After the tour of the World War II Memorial, and the visit with the Doles, the Island Honor Flight group moved on to one of the most haunting sights in Washington, the Korean War Veterans Memorial. Walking up a slight incline, spread out and watchful, are 19 stone statues of American servicemen on patrol in full combat gear and rain ponchos, weary, marching though a bleak landscape created to reflect a vision of battlefield conditions in Korea.

William Krapf, 81, remembered the terrain, the battles and the unforgiving climate. “There was three months of solid rain,” recalled Mr. Krapf, who was 20 when he went to Korea as a Marine in 1951. He suffered frostbite to his left hand from the cold, 12 degrees below zero. “And in the summer, we changed positions with the Canadians and it was 120 degrees in the shade,” he said.

The most visited memorial in Washington honors veterans of Vietnam, according to the National Park Service. A visit with the Island Honor Flight proved it, with large crowds descending down to the center of the V-shaped wall, where the names of more than 58,000 Americans who died in Vietnam are etched in the polished stone.

It’s the most popular and also, at times, the setting for the most visible emotion. Joseph “Butch” Klenawicus, 62, James “Mac” McGayhey, 63, and Charles Wyatt, 67, looked for the name on the wall of a fallen comrade, James Wilson Jr., for whom the Route 114 traffic circle in the Center is named. All three men served in Vietnam, with Mr. Wyatt wounded in action and losing his right leg.

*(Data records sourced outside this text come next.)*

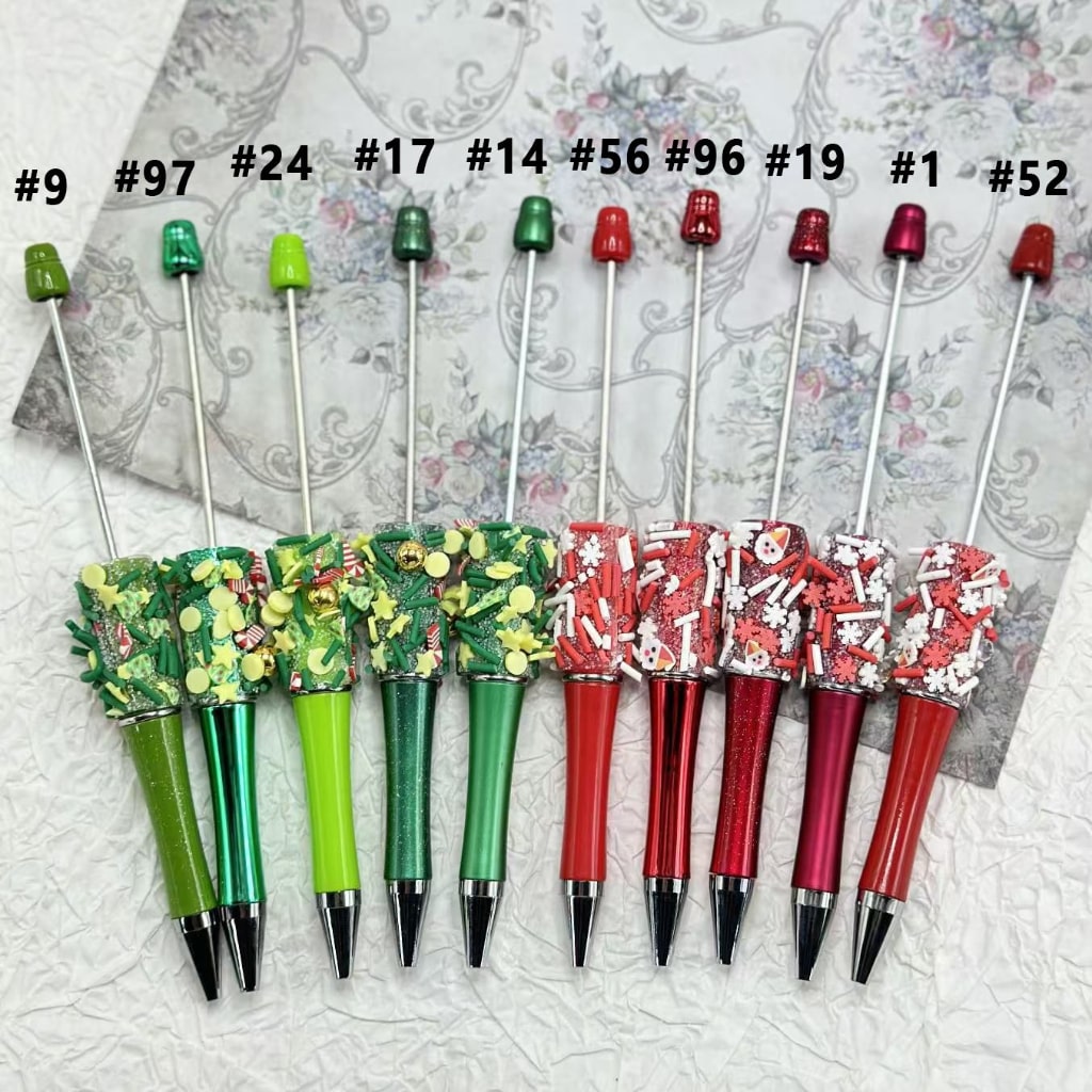 Christmas Red Green Color Beadable Pen with Ornaments Snow Flakes Bells Candy Christmas Trees Snowman |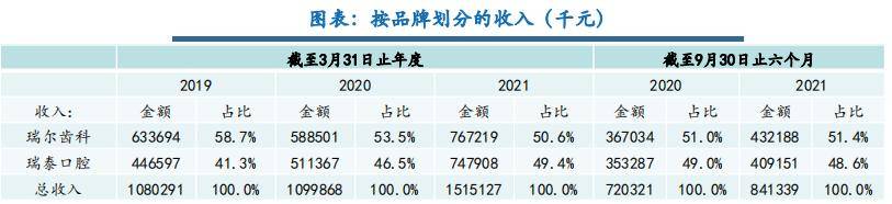 从价格定位上看,高端口腔医疗服务其挂牌价格较三级甲等医院高出至少25%,而中端口腔医疗服务比三级甲等医院价格高出约10%。从收入占比来看,瑞泰口腔的占比在持续提升,2021财年已经接近50%,高端和低端品牌的占比各一半。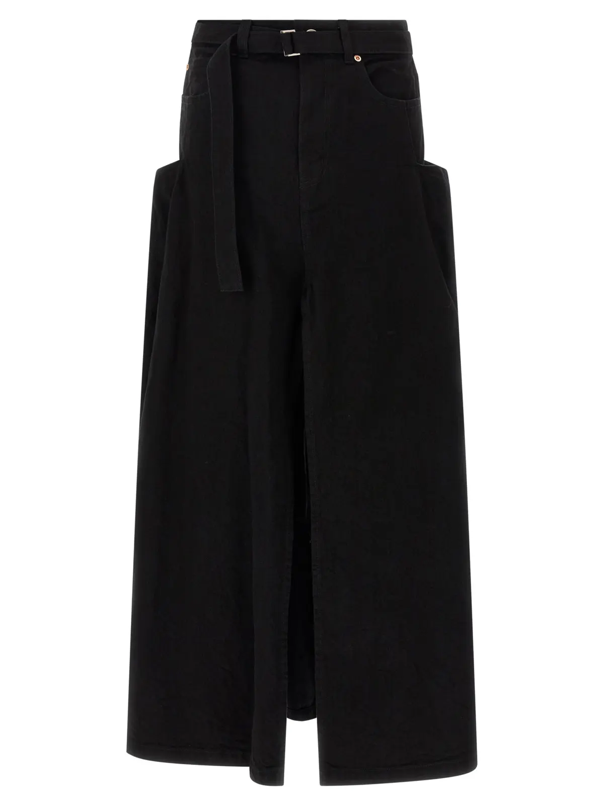 Довга чорна джинсова спідниця з інноваційним дизайном у вигляді брюк з ефектом обману зору, виготовлена з 100% натуральної бавовни з фарбуванням у готовому виробі. Вишукані деталі — передня блискавка, ґудзик, практичні кишені, широкі розрізи спереду та ззаду, а також знімний пояс, що підкреслюють універсальність і стиль. Цей витвір моди поєднує бездоганну якість із статусом, даруючи неповторну елегантність і сучасність кожному образу.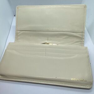 Authentic Hanae Mori Luxury Ivory Fabric & Leather Long Bifold Clutch Wallet

The name was found. The men paid their respects with silence. Then, with some catches in the throat, the stories began again. Mr. Klenawicus, originally reluctant to come on the trip, thanked Officer Cronin for encouraging him to join his fellow veterans.

“It’s unbelievable,” Mr. McGayhey said quietly. “All these names.”

“You know what bothers me?” asked Mr. Klenawicus. “You look down at this wall from up above and think, 58,000 men died, and for what?”

As the bright autumn day faded to long shadows, the tour went up a hill to the U.S. Marine Corps Memorial, also known as the Iwo Jima memorial, where another veteran confronted the sacrifices of war. Mr. Strom had been part of the naval fleet that supervised the Marine landings at Iwo Jima. “There was constant bombardment and constant battle,” Mr. Strom said. “It was just …” the Navy vet paused. “Just slaughter.”

A remarkable connection was made at the base of the memorial, when Mr. Strom discovered that Mr. Strugats, the Army Air Corps combat veteran, had crash-landed on Iwo Jima.

“We know each other, our wives know each other, and I never knew he was there,” Mr. Strom said later.

AMBROSE CLANCY PHOTO | Island vets greeted by a reception of U.S Navy Academy midshipmen as they arrive at Batimore-Washington Airport.

A FINAL SALUTE

Another warm greeting surprised the vets and their friends and family when their chartered bus with motorcycle escort returned to the Island after the long day. The fire department shot off water cannon salutes and draped an American flag from a crane high over the street at American Legion Hall.

As a four-piece brass band played, a crowd of about 50 residents turned out to welcome their veterans home.

Mollie Strugats, who accompanied her husband all day, was, like everyone on the tour, overwhelmed at her hometown’s reception. “Fantastic,” Mrs. Strugats said. “The motorcycles, all the people in Washington and everyone cheering when we got home. I could get used to this.”